Records shown.
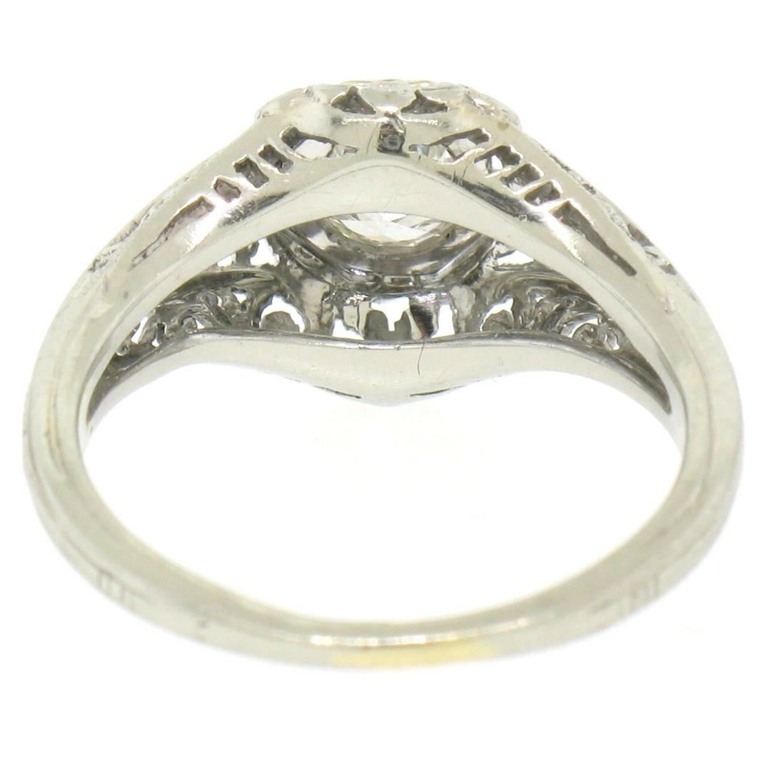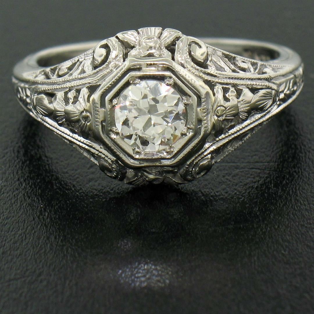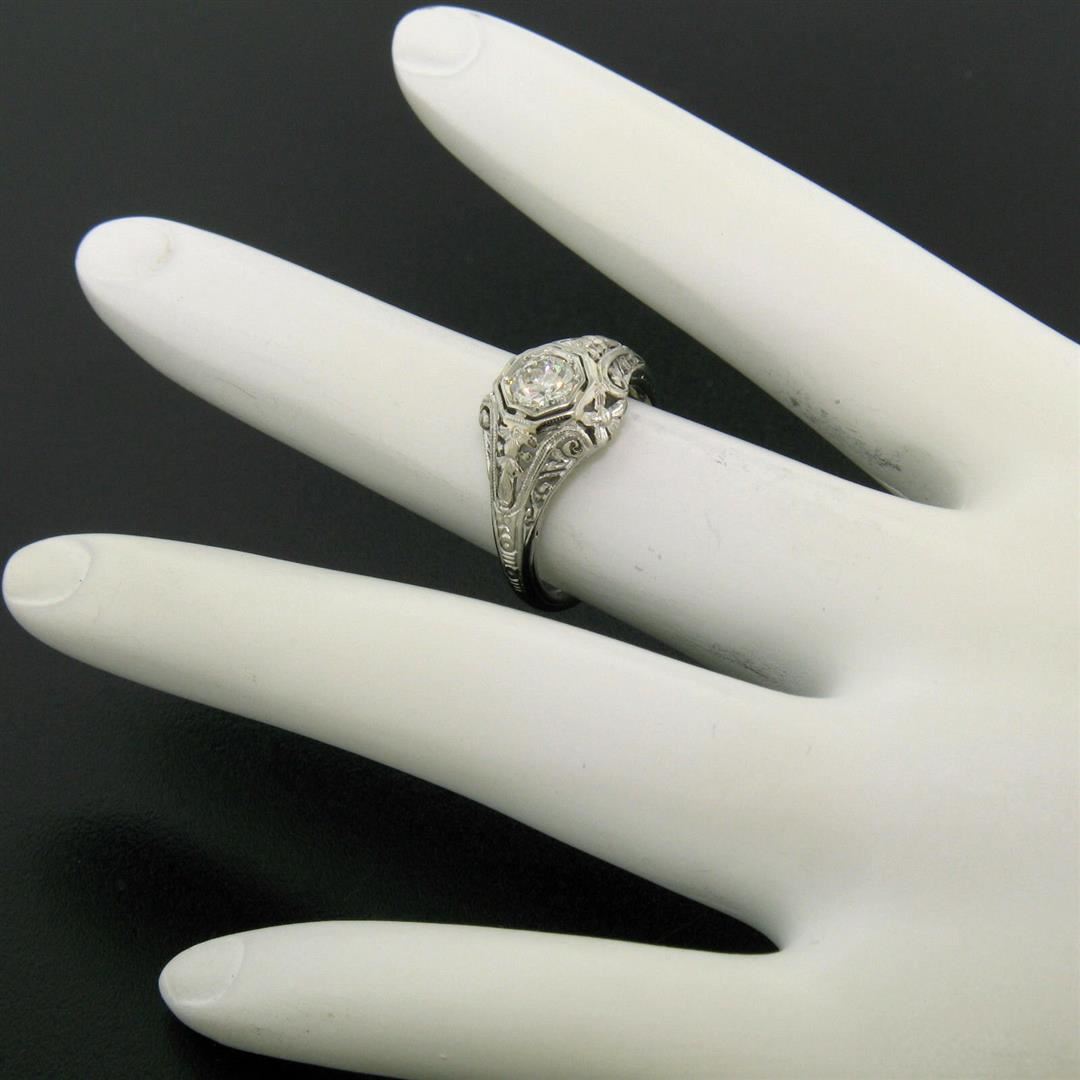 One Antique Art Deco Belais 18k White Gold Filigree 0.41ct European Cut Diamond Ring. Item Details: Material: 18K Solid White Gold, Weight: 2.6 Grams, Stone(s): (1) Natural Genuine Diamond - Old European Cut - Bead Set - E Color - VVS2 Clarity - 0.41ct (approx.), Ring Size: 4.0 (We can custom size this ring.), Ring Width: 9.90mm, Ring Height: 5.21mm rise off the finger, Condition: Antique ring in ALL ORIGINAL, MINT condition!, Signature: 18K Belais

...

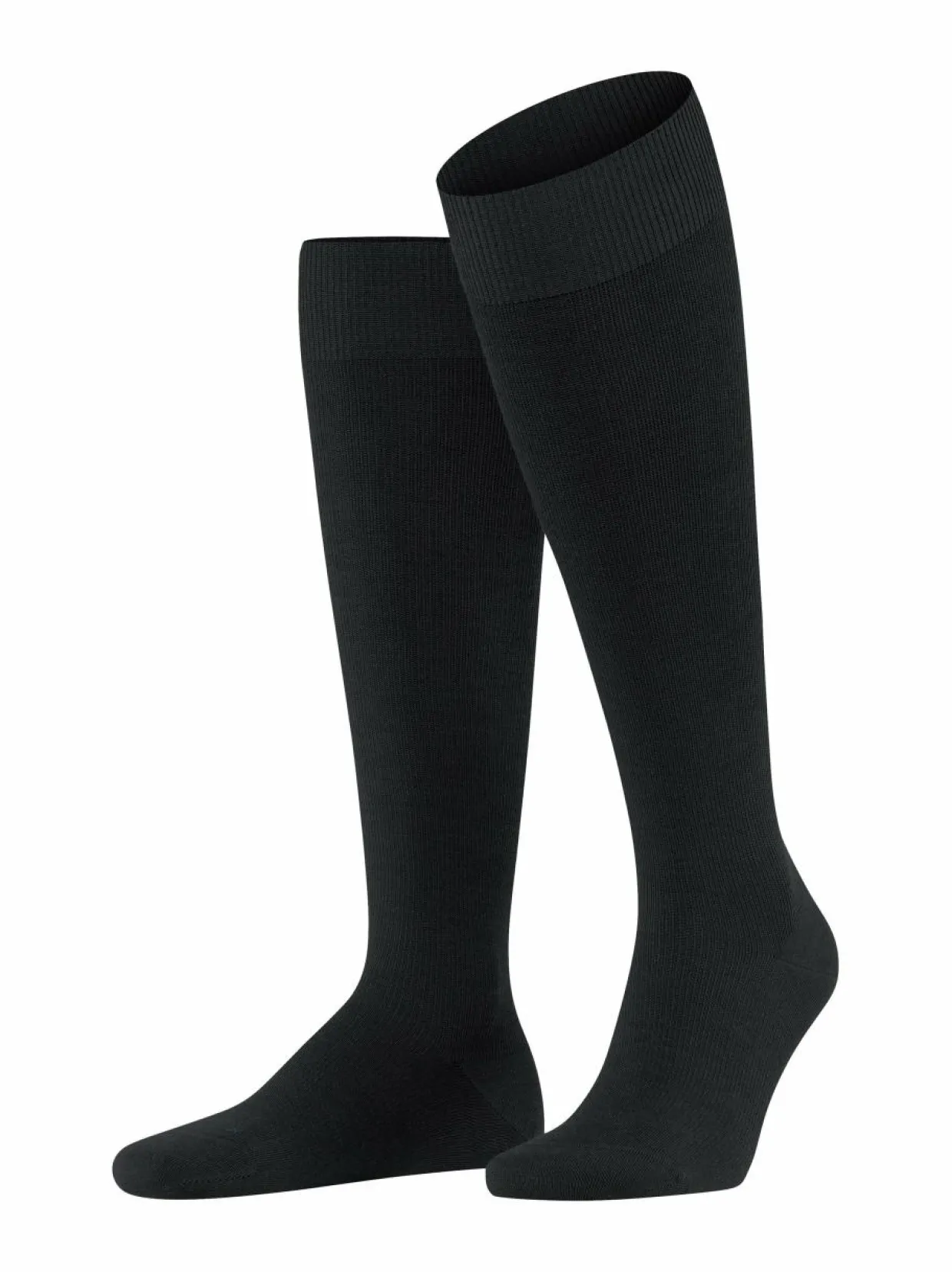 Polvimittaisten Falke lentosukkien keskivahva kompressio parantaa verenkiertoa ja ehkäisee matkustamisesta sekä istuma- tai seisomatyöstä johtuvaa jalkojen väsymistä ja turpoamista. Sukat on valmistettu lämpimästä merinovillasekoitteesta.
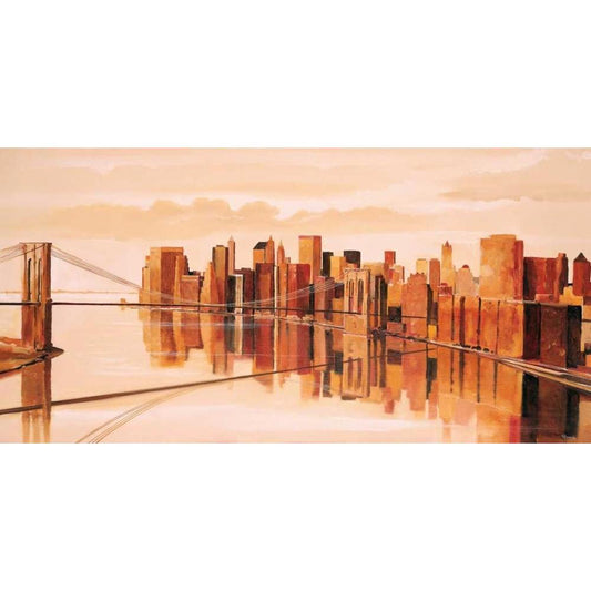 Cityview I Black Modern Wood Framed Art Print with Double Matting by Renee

What you have to do. Only one stretch of the listing above is to be duplicated: the lines from the one containing "Polvimittaisten Falke lentosukkien" through the one containing "Cityview I Black", both included. Copy them exactly, minus the pictures.

Exercise solution.
 Polvimittaisten Falke lentosukkien keskivahva kompressio parantaa verenkiertoa ja ehkäisee matkustamisesta sekä istuma- tai seisomatyöstä johtuvaa jalkojen väsymistä ja turpoamista. Sukat on valmistettu lämpimästä merinovillasekoitteesta.
 Cityview I Black Modern Wood Framed Art Print with Double Matting by Renee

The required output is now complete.